Afinal de contas a gente sabe que uma das especialidades desses radicais que utilizam o nome de Deus para se arrogar de uma superioridade moral que, muitas vezes, sequer existe, é vigiar a sexualidade alheia. Sob a desculpa de "proteger as crianças" deixam crimes do tipo - muitos deles praticados no ambiente doméstico, por alguém da família ou por algum conhecido - correr soltos. E ainda exigem que essas mulheres - muitas delas jovens, periféricas, pobres e pretas -, sejam mães na marra. Por que talvez haja algo sobre isso na Bíblia, sei lá. No excelente filme de estreia de Lillah Halla, a jovem Sofia (Ayomi Domenica Dias) é uma promissora jogadora de vôlei. Com apenas 17 anos está sendo sondada para a obtenção de uma bolsa para a prática do esporte no Chile - e a experiência internacional pode ser importante para a sua carreira que ainda se inicia. Só que na mesma semana que ela recebe a boa notícia sobre a oportunidade no País vizinho, ela também descobre que está grávida. E, óbvio, ela não quer ser mãe. Não agora. Talvez nunca.
Sofia tenta, inicialmente, esconder a gravidez de todos que a rodeiam - suas colegas que integram o projeto social dedicado ao esporte para minorias (com quem ela mantém uma amizade cheia de cumplicidade) e, principalmente, de sua treinadora, Sol (Grace Passô que, como de praxe, entrega tudo em qualquer tipo de papel, por mais minimalista que seja). Em relação ao seu pai - o apicultor João (Rômulo Braga) -, ela também evita o tema até o limite possível. Enquanto isso tenta encontrar uma solução, qualquer que seja, em um País que não costuma tratar situações do tipo como casos de saúde pública. Pautados pela ciência. Quando vai para a internet pesquisar sobre o assunto, Sofia tem extrema dificuldade para encontrar qualquer tipo de orientação no Google. "Estou grávida e não quero ter", digita no buscador, meio que em vão. Depois apela para "clínicas de aborto", sendo direcionada para o suposto hospital em que é atendida pelo médico que faz aquela chantagem macabra, que está no início dessa resenha. A coisa toda vira quase um filme de terror.

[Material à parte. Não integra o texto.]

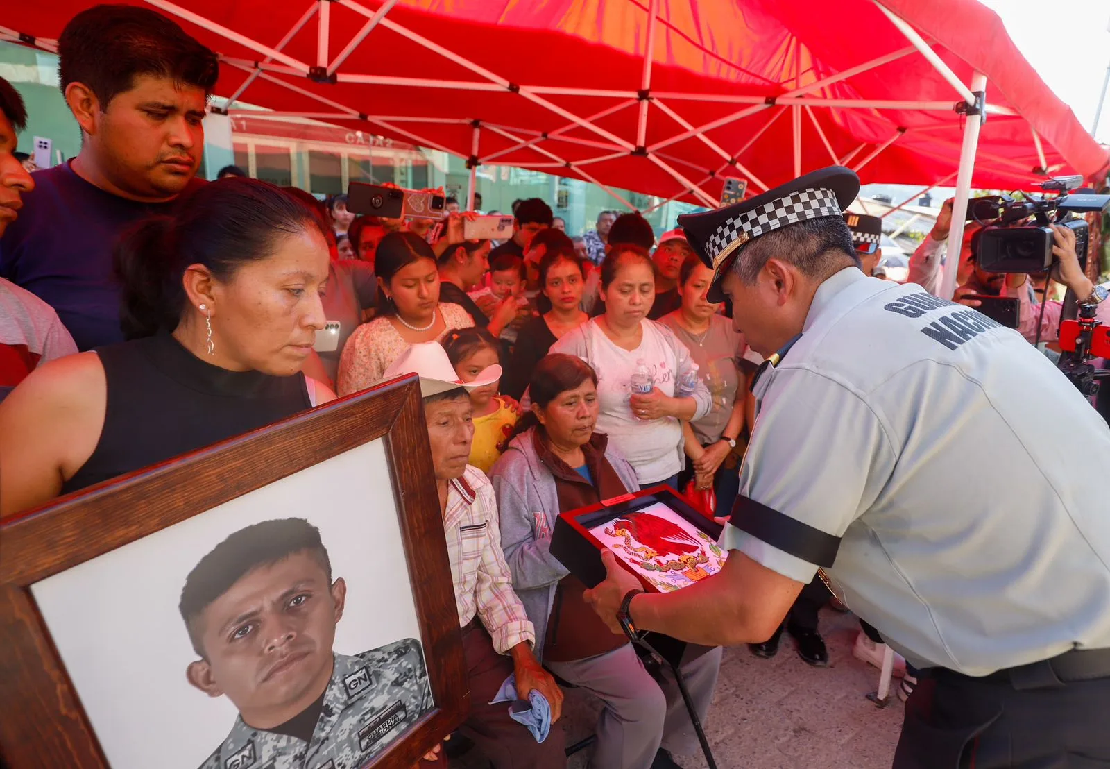 Durante la ceremonia de honores fúnebres, que se realizó en la presidencia auxiliar de Chicontla, comunidad de origen de Vázquez García, se reunieron familiares, amigos, autoridades y habitantes que exaltaron su valentía en la protección de la patria.
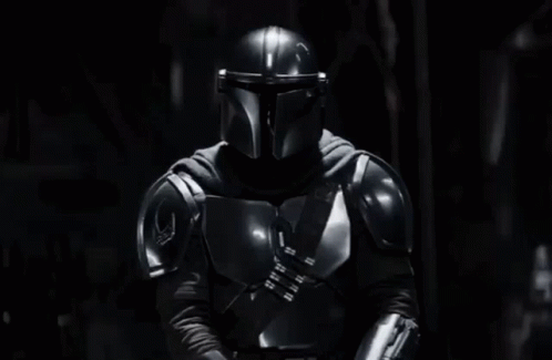 The Mandalorian, Din Djarin, dramatically ignites the Darksaber in a scene from The Book of Boba Fett.
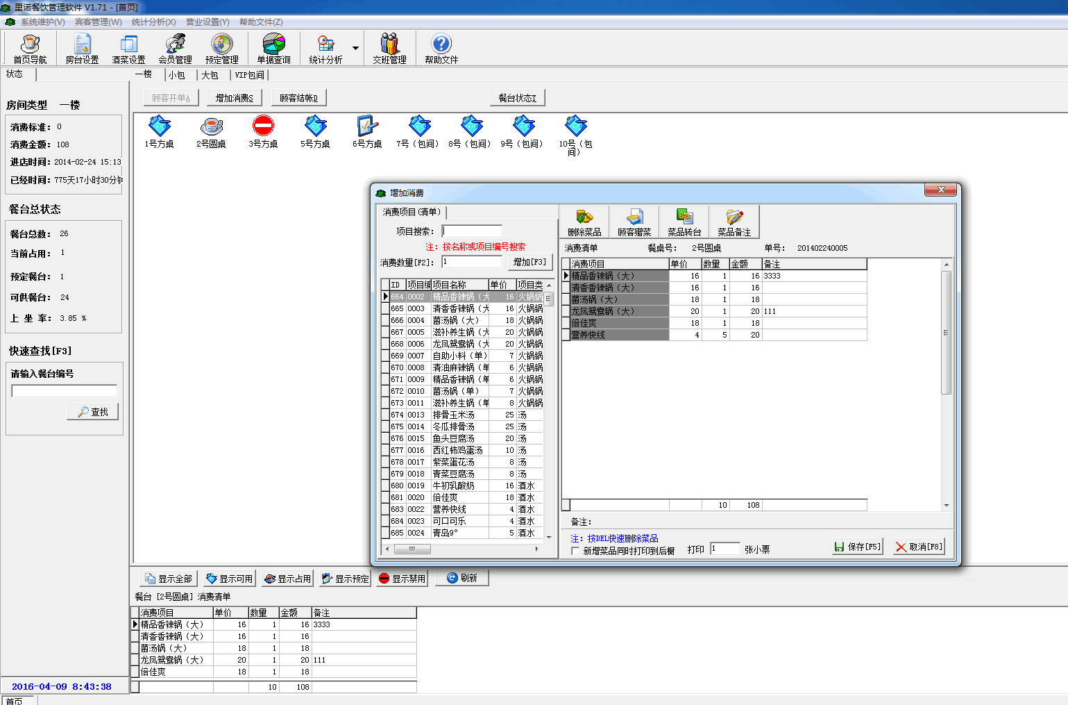 点菜鼠标轻击选中菜品,输入相应消费数量,即可点菜成功,人性化设计,操作速度快;可在客户报上所要消费项目后后即刻输入完成;且可同时打印清单到后厨,功能灵活,多种付款方式可以选择,房台可设定低消费、可设固定服务费或按消费金额比例收取服务费,消费品可以设固定价格、可折扣计价,软件功能灵活。

Equilibrando momentos mais sombrios, com instantes de uma leveza meio onírica, Lillah levanta a sua bandeira sem medo de evidenciar o fato de que, neste debate, ela tem lado. Um lado que, vamos combinar, já deveria, em outubro de 2024, estar mais do que consolidado: o de que a decisão a respeito do corpo da mulher deveria ser só da mulher (e não de um bando de idosos engravatados que criam suas leis não com a Constituição debaixo do braço, e sim com a Bíblia). Se aproximando do estilo intimista mas urbano de obras como Nunca Raramente Às Vezes Sempre (2020), a diretora evidencia esses contrastes entre a metrópole mais ou menos moderna - com suas estruturas de concreto, veículos e luzes neon -, mas que guarda cerca decadência que, metaforicamente, dialoga com as fraturas e os retrocessos do tecido social. Ao cabo, onde deveríamos evoluir, parece que, por vezes, nos atrasamos. "Deus é bom o tempo todo, o tempo todo Deus é bom", diz uma pichação irritante no concreto cinza. As meninas podem até ser livres para curtir a vida, dançar e sorrir ao som de Linn da Quebrada, Badsista, Irmãs de Pau e MC Carol. Mas inventa de engravidar e não ter o filho. A turma pró vida, se bobear, é capaz até de matar para que alguém nasça. Numa daquelas ironias mais brasileiras que o próprio Brasil. Filmaço.